For the last two months, Vodafone (NYSE: VOD) has been working up the nerve to pop the question to Cable & Wireless Worldwide. Finally, on Monday, Vodafone formally presented the London-based fixed-line telephone and network services operator with a $1.7 billion offer it hopes C&W's board and shareholders can't refuse.

If the deal goes through, Vodafone could become a supplier of enterprise network services in the U.K. and abroad, and according to the company's statement announcing the offer, it would be able to make use of C&W's global network to offload some of its mobile traffic.

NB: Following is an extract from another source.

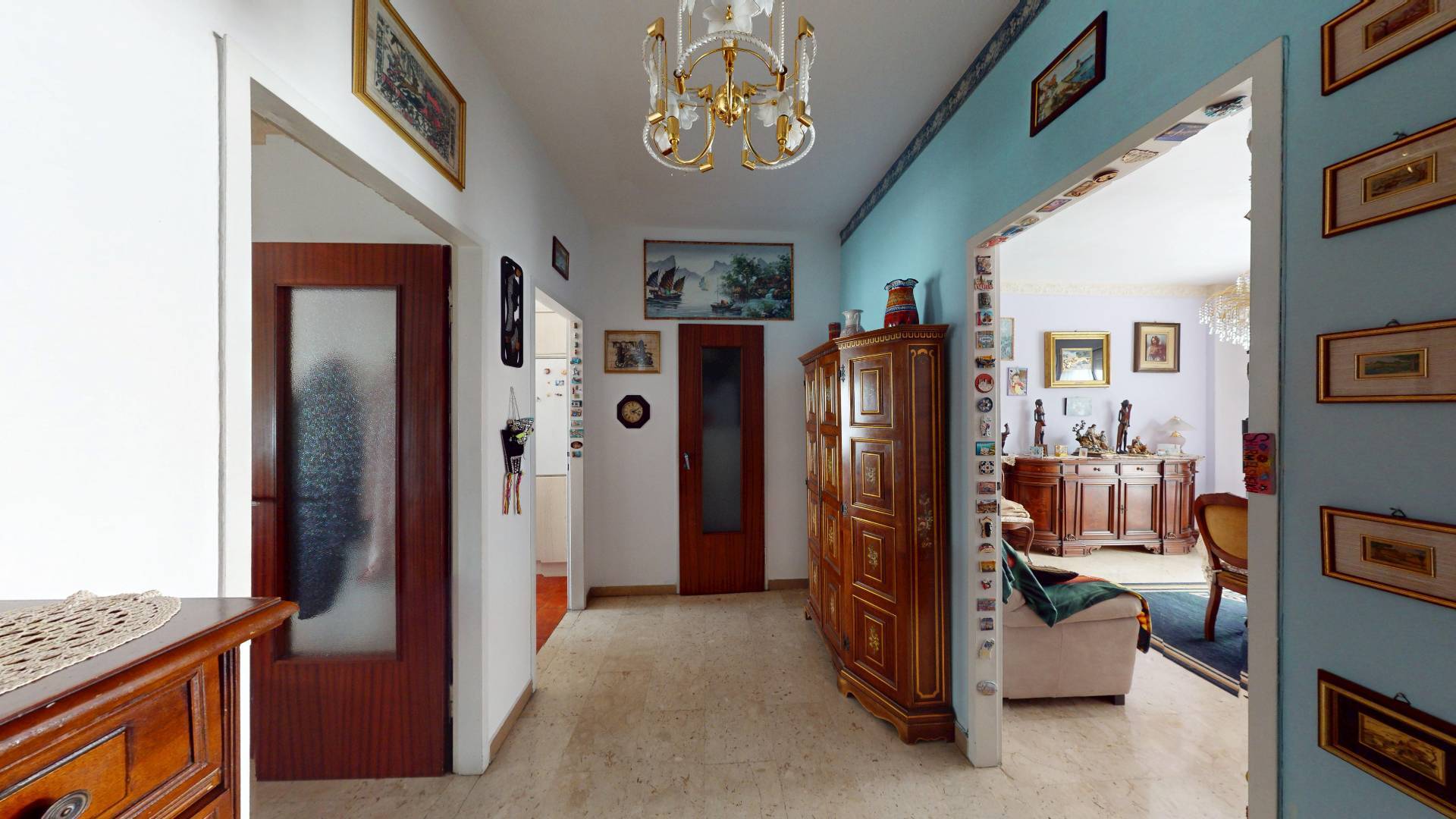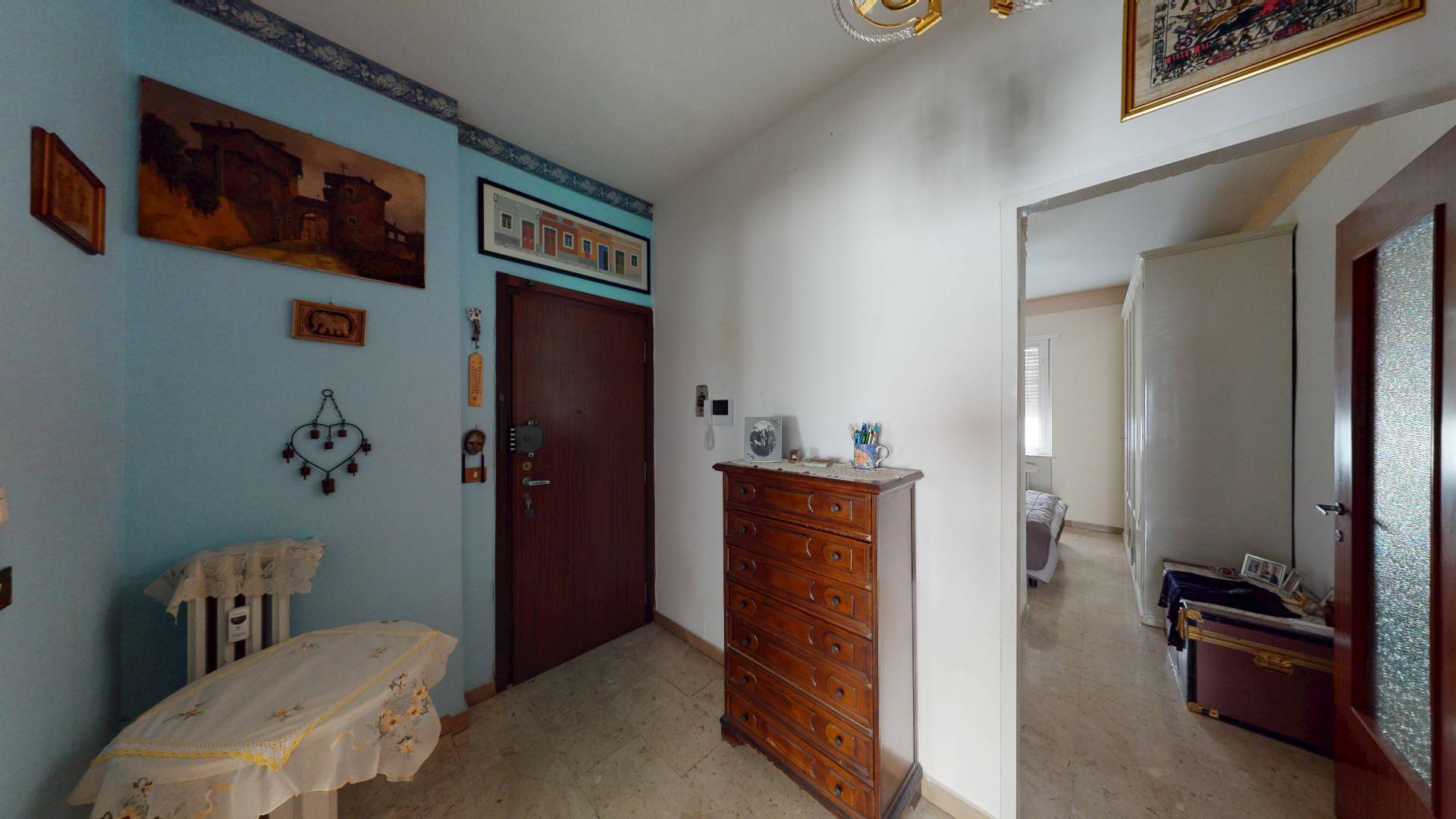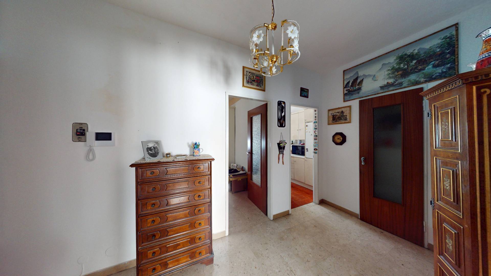 L'immobile composto da ingresso su disimpegno, due camere da letto di cui una attualmente adibita a soggiorno, cucina, ripostiglio e bagno con finestra.

The U.K. is the last major Western European country in which Vodafone does not own a fixed-line network. By acquiring C&W it will gain an enterprise backbone in the U.K., second only to the BT Group (NYSE: BT). C&W presently has 20,500 km of fiber cable -- the largest such network in the UK. It serves over half of the population, covering 400 towns and cities.

C&W has been going downhill since it broke off from its parent company in 2010, and its valuation was sinking deeper than the submarine cables it has been laying down since it laid the first transatlantic cable in 1866. But the company's share price on the London stock exchange has risen 85% since Vodafone first started showing interest in the company in February, and the stock jumped as much as 17% on news of the formal offer.

Vodafone needs 75% of Cable & Wireless' investors to approve the deal and already has the support of 19%. But Orbis Holdings, which owns another 19% slice of C&W shares, told Bloomberg in a statement, "We are concerned that the offer price does not appear to reflect the value inherent in CWW."

But Evan Miller, a managing director of Gamco Investors (NYSE: GBL), which owns 1% of C&W, thinks shareholders should not be too coy regarding the offer. "I don't see that there's going to be another Vodafone on the scene," he warned.

Vodafone had one rival in its quest for C&W, but Tata (NYSE: TCL) withdrew from the bidding last week.